Un viaje que consume la vida
En condiciones normales, el trayecto desde AltaVista hasta el centro de San Salvador en autobús debería tomar 50 minutos. Pero en días laborables puede extenderse hasta dos horas y media. El bulevar del Ejército, el bulevar Venezuela y la Primera Calle Poniente se convierten en un cuello de botella en horas pico.
La situación se complica en la zona del ex Vifrio, la cual pasa colapsada por los trabajos que la Administración de Acueductos y Alcantarillados (ANDA) realiza desde agosto del año pasado, para introducir tuberías de agua potable del proyecto que traerá agua desde el Lago de Ilopango. Desde entonces, avanzar en esa zona puede tomar un poco más de 30 minutos.
“Yo aquí ya he contado todos los postes y todos los rótulos. A veces uno se aprende hasta los anuncios de memoria”, comenta un pasajero que viaja de Ilopango a Soyapango todos los días.

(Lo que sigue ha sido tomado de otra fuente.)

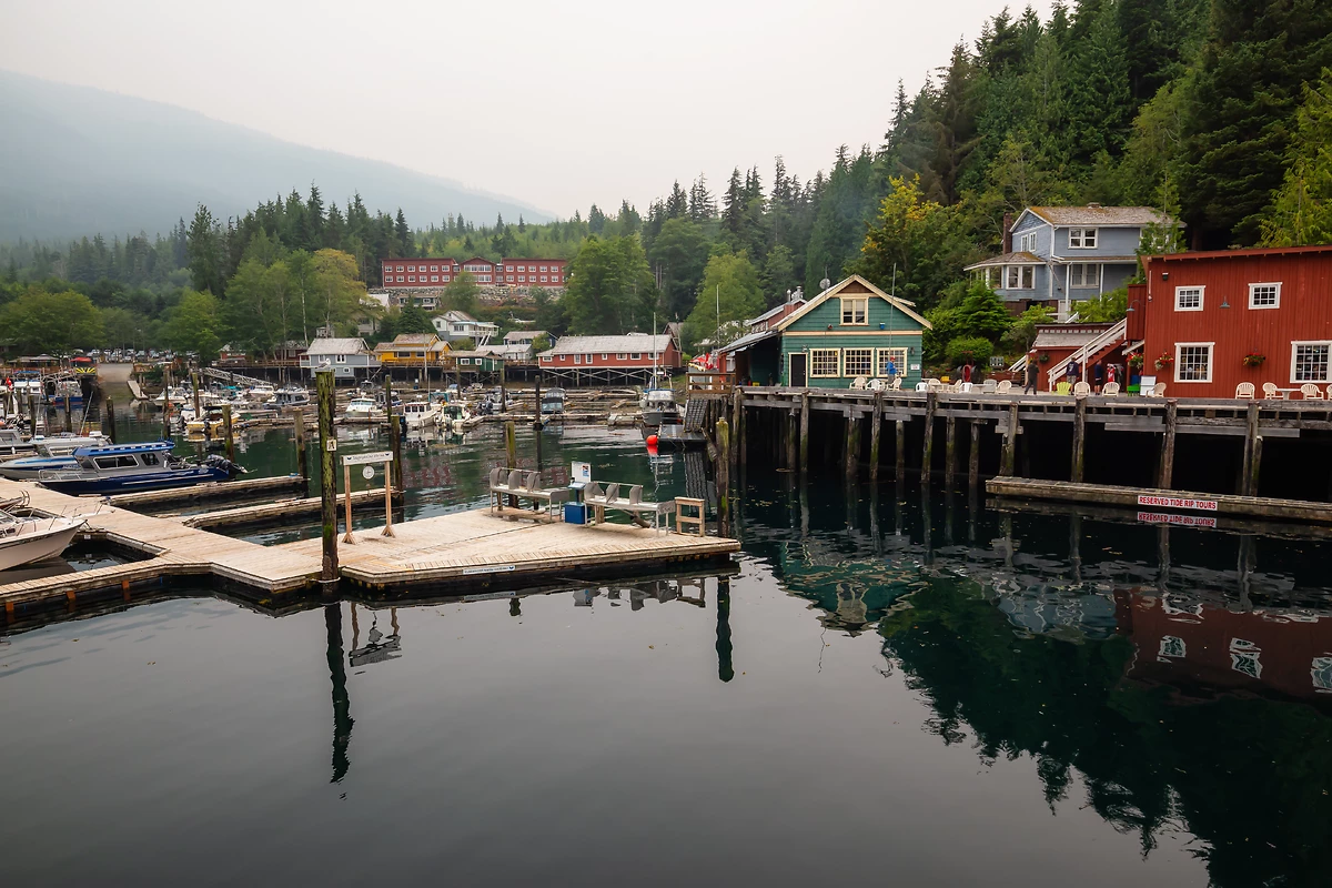 Vous reprenez la Route 28 qui vous ramène à Campbell River, puis vous mettez le cap au nord en suivant la « North Island Highway » serpentant à travers les montagnes côtières couvertes de denses forêts de résineux. Vous longez un temps le très beau lac Nimpkish, situé sur le territoire traditionnel de la Première nation Namgis. La route passe au-dessus de la rive est du lac, offrant une vue imprenable sur les pentes boisées escarpées de la chaîne de Karmutzen encadrant les eaux limpides dans lesquelles elles se reflètent. Arrivée dans l’après-midi à Telegraph Cove, dont les dernières maisons sur pilotis surplombent les eaux pures du détroit de Johnson, où des centaines d’orques attirés par les fonds graveleux, viennent en été frotter leurs flancs et se débarrasser des parasites.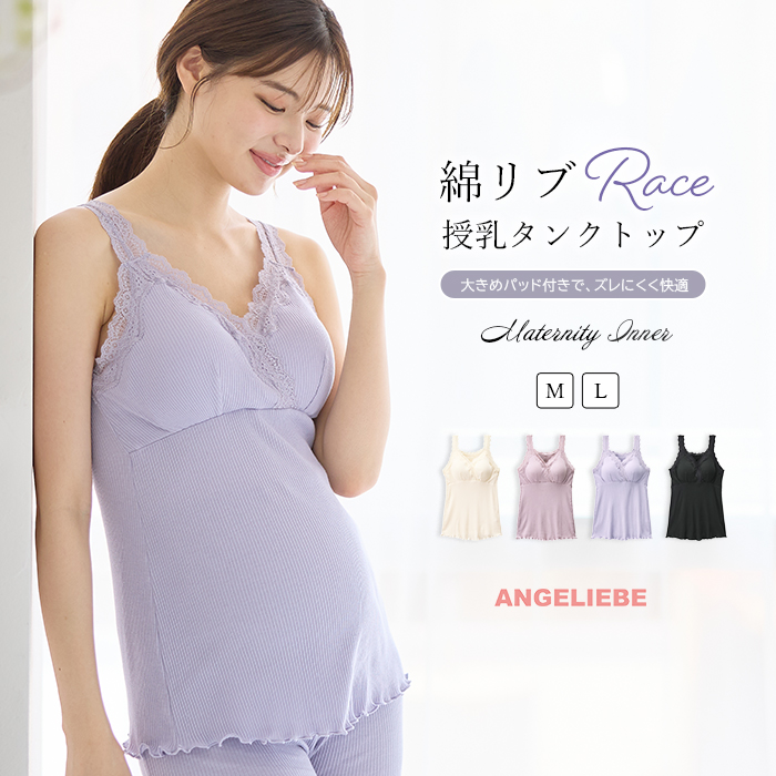 マタニティ 授乳タンクトップ キャミソール Rosemadame ローズマダム カップ付き 綿リブレース 肌着 妊婦 インナー 下着 シーズンレス ANGELIEBE エンジェリーベ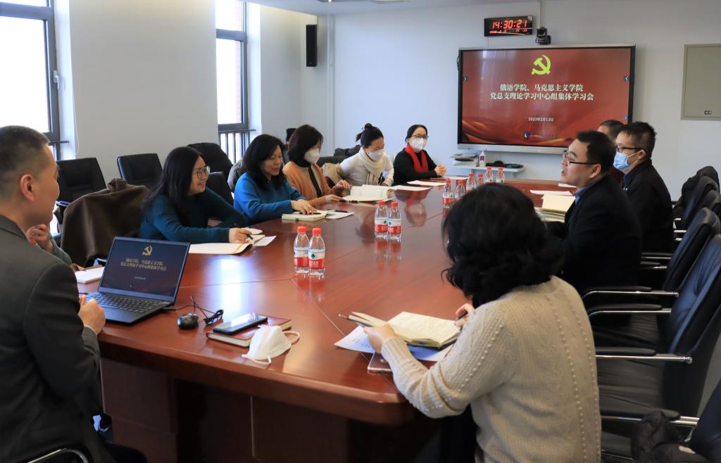 2月13日下午,为深入学习贯彻党的二十大精神,pp电子游戏平台网站、俄语学院党总支理论学习中心组联合进行理论学习。pp电子游戏平台网站院长韩强作题为“全面准确理解党的百年奋斗经验”报告。会议由pp电子游戏平台网站党总支书记祝和军主持。pp电子游戏平台网站、俄语学院党总支理论学习中心组全体成员参加联学。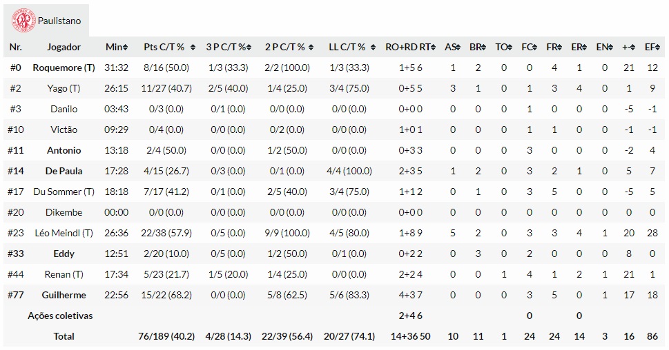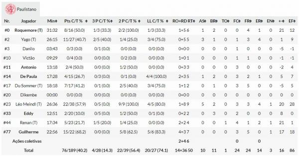 A melhora vascaína, contudo, ficou no terceiro quarto. Nos cinco minutos iniciais do último período, só deu Paulistano. Com uma parcial de 13 a 1, com Léo Meindl chegando aos 22 pontos, os visitantes colocaram 67 a 48 e praticamente resolveram a partida a seu favor. Nos últimos três minutos, o Vasco ainda tentou buscar com Okorie, mas a vantagem deu conforto ao Paulistano. Os paulistas, porém, perderam o armador Yago, que deixou a partida com uma torção no tornozelo direito. O placar final foi de 76 a 60.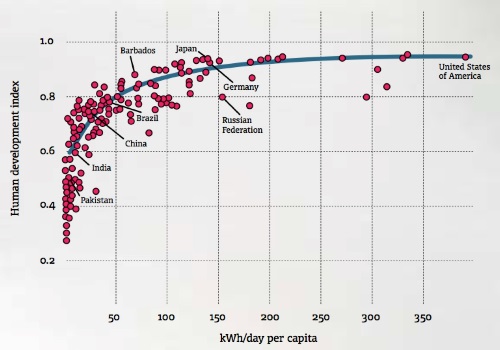 Sufficiency also works the other way – recognizing the need to curb excessive consumption of energy by the world’s elites and middle classes. Electricity use is among the starkest indicators of global inequality there is and the numbers are staggering. It is absurd, that an average Swede, for example, consumes over 200 times more electricity than does an average Tanzanian. An average U.S. citizen, in turn, consumes roughly double the amount of energy a European would, without any higher quality of life. 3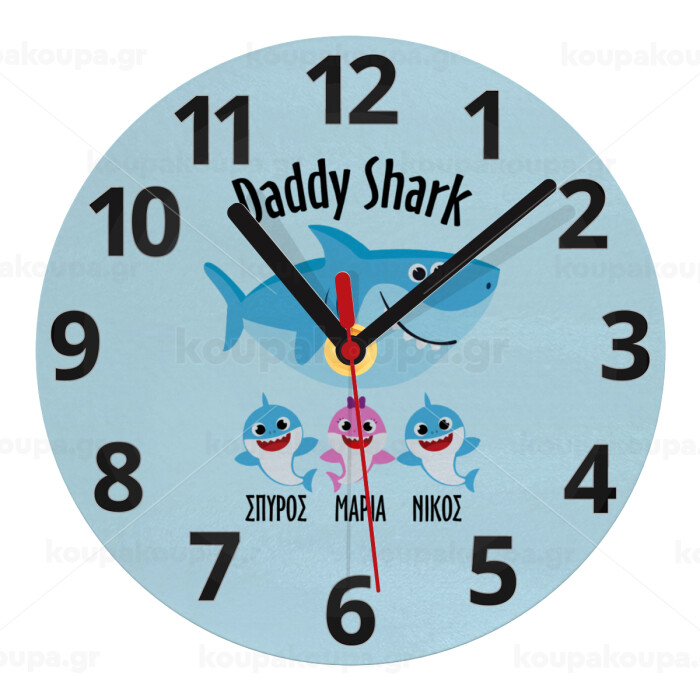 Daddy Shark (με ονόματα παιδικά), Ρολόι τοίχου γυάλινο (20cm)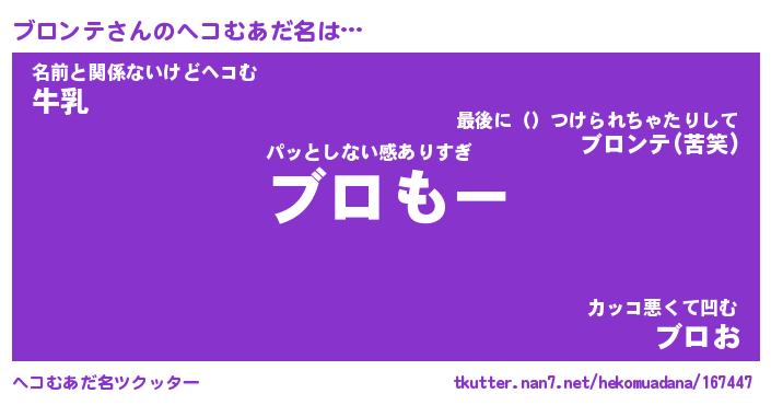 | ファンタジー風あだ名 | 『ブロフェル』『エターナルブロンテー』 |

Sentarse en el bus es casi un privilegio, pero no uno cómodo: muchos cabecean sobre el hombro de quien tienen al lado, intentando recuperar algo del sueño que el madrugón les robó.
Algunos se quedan dormidos en el bus, a veces alguien ronca. A veces, en medio del hacinamiento, ocurre una discusión por un codazo o un empujón. En otras ocasiones, el silencio reina, como si todos entendieran que pelear no sirve de nada. Solo hay que resistir, mientras el autobús avanza a vuelta de rueda.
En medio del caos provocado por el tráfico y el deficiente servicio de buses, algunos usuarios prefieren pagar un poco más y abordar los microbuses piratas: unidades pequeñas que cobran $1.50, pero que ofrecen aire acondicionado, asientos garantizados y una experiencia —dentro de lo posible— más digna.
Son ilegales, sí, pero en esta ciudad donde el sistema formal no alcanza a cubrir la demanda, se han convertido en una especie de alivio pagado. Aunque no están regulados, cada vez más personas optan por ellos. “Prefiero gastar más y no ir como sardina”, dice una joven que trabaja en un banco en la zona de Plaza Mundo y necesita llegar con puntualidad y sin ser apretujada.
Martirio tarde y noche
La vuelta a casa, después de una jornada laboral, es igual o peor. La mayoría de las paradas desde Metrocentro es un caos. Largas filas, empujones, desesperación por subir a cualquier unidad. El regreso hacia AltaVista puede tomar igual hasta dos horas y media o incluso tres. Las piernas pesan, el cuerpo duele, y el alma solo desea llegar a casa, quitarse los zapatos y tener unos minutos de paz.
Las personas que viven en San Salvador Este invierten más de 23 horas semanales solo en movilizarse. Es decir, más de 450 horas al mes entre ida y vuelta. Es tiempo que no se paga, que no se descansa, que no se recupera, casi 19 días completos al año perdidos en el tráfico cotidiano de San Salvador.
“Acá no llegan los pasos a desnivel, ni las mejoras viales ni mucho menos promesas. Lo que necesitamos acá son obras, un paso a desnivel en la zona de Cárcel de Mujeres y otro por donde estaba Vifrio. Pero aquí no llegan los proyectos del gobierno”, dice un pasajero mientras se ajusta la mochila para no estorbar al vecino.
Y así, cada día, miles de personas como Antonio emprenden una travesía que no se cuenta, pero que define sus vidas. Porque en este país, para poder trabajar… primero hay que sobrevivir al viaje. Pero para eso, todos desean lo mismo: llegar a casa. Sin embargo, para lograrlo, deben vencer otro maratón de tráfico, con paradas colapsadas, vendedores ambulantes, música estridente, calor, impaciencia y frustración, en un día normal de viaje en autobús.